▶ Instructions for the task
Before writing anything, find the line that contains "支払い方法 現金・クレジットカード(主要ブランド対応) |", then retype the entries below exactly from their first line through that one, without pictures.

▶ Provided entries
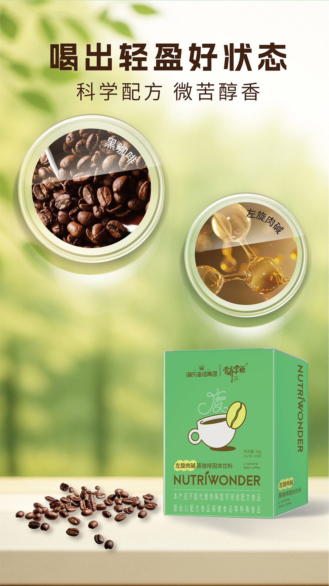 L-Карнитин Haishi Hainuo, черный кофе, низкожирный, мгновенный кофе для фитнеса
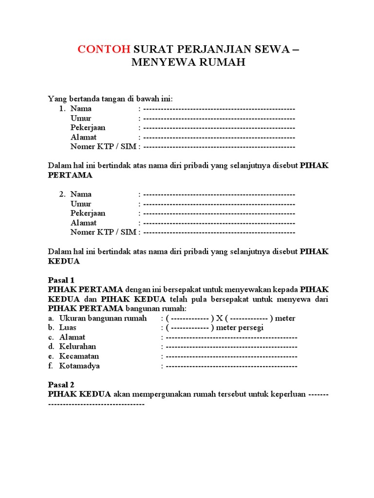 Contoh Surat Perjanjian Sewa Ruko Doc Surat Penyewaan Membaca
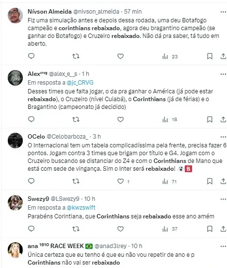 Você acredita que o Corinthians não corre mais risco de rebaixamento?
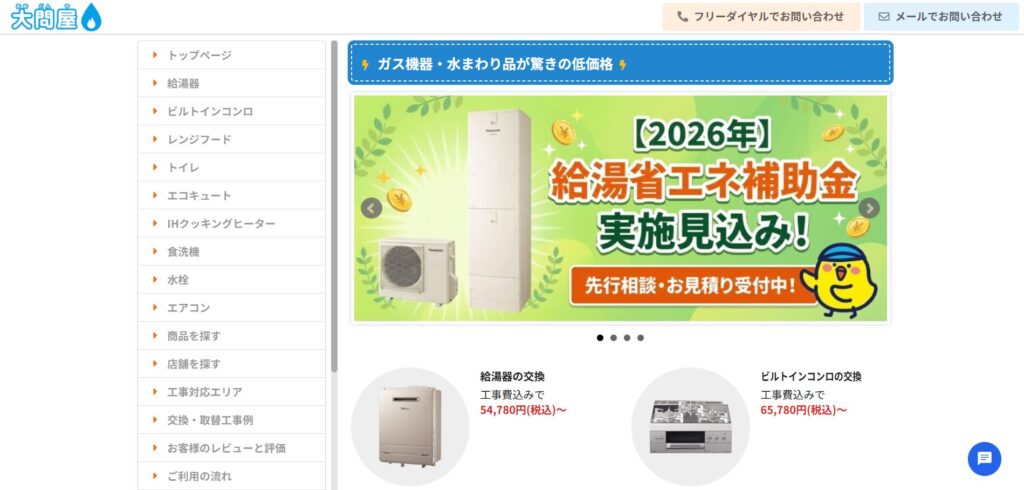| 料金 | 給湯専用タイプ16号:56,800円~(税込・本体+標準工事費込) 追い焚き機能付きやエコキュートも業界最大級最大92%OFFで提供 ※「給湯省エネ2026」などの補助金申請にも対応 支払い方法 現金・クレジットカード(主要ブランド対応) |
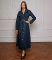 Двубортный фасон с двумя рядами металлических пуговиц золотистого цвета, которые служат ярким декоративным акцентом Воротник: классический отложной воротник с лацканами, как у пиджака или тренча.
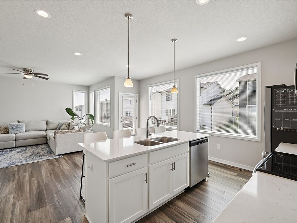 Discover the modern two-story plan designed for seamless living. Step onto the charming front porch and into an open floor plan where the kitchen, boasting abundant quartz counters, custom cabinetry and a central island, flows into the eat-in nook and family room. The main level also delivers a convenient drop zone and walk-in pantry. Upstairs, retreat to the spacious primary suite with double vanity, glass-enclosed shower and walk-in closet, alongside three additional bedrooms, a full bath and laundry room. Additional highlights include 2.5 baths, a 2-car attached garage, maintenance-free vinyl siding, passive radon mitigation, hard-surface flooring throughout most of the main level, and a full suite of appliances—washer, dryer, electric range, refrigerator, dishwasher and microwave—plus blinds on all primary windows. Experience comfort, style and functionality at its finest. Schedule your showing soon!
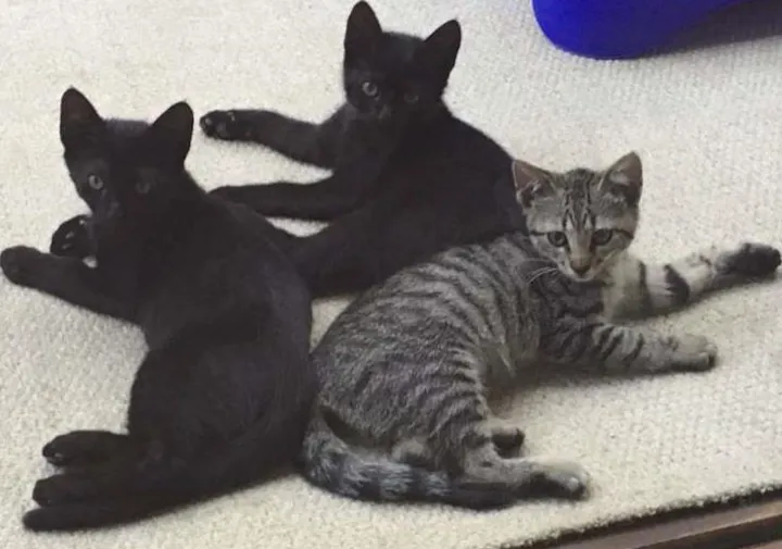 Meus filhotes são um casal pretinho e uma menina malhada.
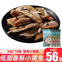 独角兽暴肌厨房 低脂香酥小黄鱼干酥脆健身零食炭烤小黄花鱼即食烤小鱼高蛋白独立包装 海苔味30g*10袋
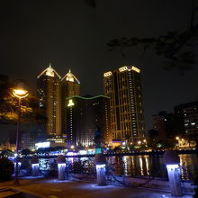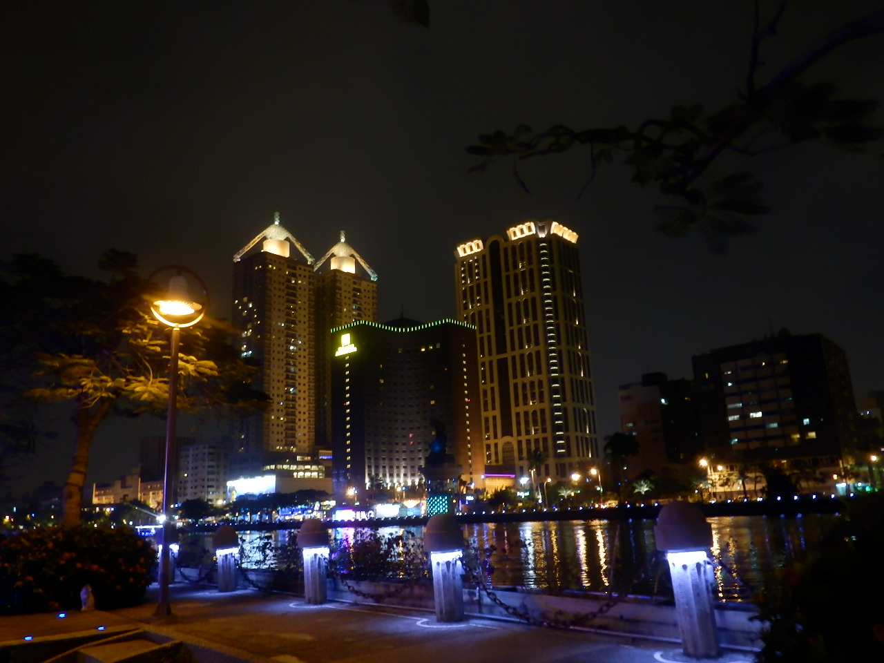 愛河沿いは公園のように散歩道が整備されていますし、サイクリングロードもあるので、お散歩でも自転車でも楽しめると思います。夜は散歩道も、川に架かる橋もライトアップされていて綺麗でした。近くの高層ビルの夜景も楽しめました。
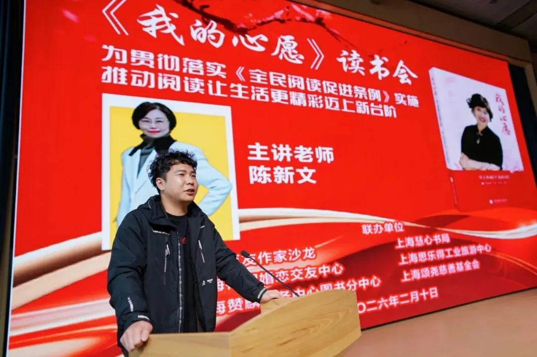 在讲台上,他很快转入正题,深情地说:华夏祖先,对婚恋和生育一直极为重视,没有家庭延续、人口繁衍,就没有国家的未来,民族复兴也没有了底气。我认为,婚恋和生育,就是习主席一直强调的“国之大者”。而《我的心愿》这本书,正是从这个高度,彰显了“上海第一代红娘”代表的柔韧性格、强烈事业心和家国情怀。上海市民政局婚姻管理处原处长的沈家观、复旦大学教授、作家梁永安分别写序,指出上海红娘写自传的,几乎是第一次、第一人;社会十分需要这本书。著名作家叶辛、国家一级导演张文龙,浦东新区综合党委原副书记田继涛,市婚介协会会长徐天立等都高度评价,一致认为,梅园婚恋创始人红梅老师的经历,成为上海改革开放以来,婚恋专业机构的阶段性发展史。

▶ Result of the exercise
 L-Карнитин Haishi Hainuo, черный кофе, низкожирный, мгновенный кофе для фитнеса
 Contoh Surat Perjanjian Sewa Ruko Doc Surat Penyewaan Membaca
 Você acredita que o Corinthians não corre mais risco de rebaixamento?
| 料金 | 給湯専用タイプ16号:56,800円~(税込・本体+標準工事費込) 追い焚き機能付きやエコキュートも業界最大級最大92%OFFで提供 ※「給湯省エネ2026」などの補助金申請にも対応 支払い方法 現金・クレジットカード(主要ブランド対応) |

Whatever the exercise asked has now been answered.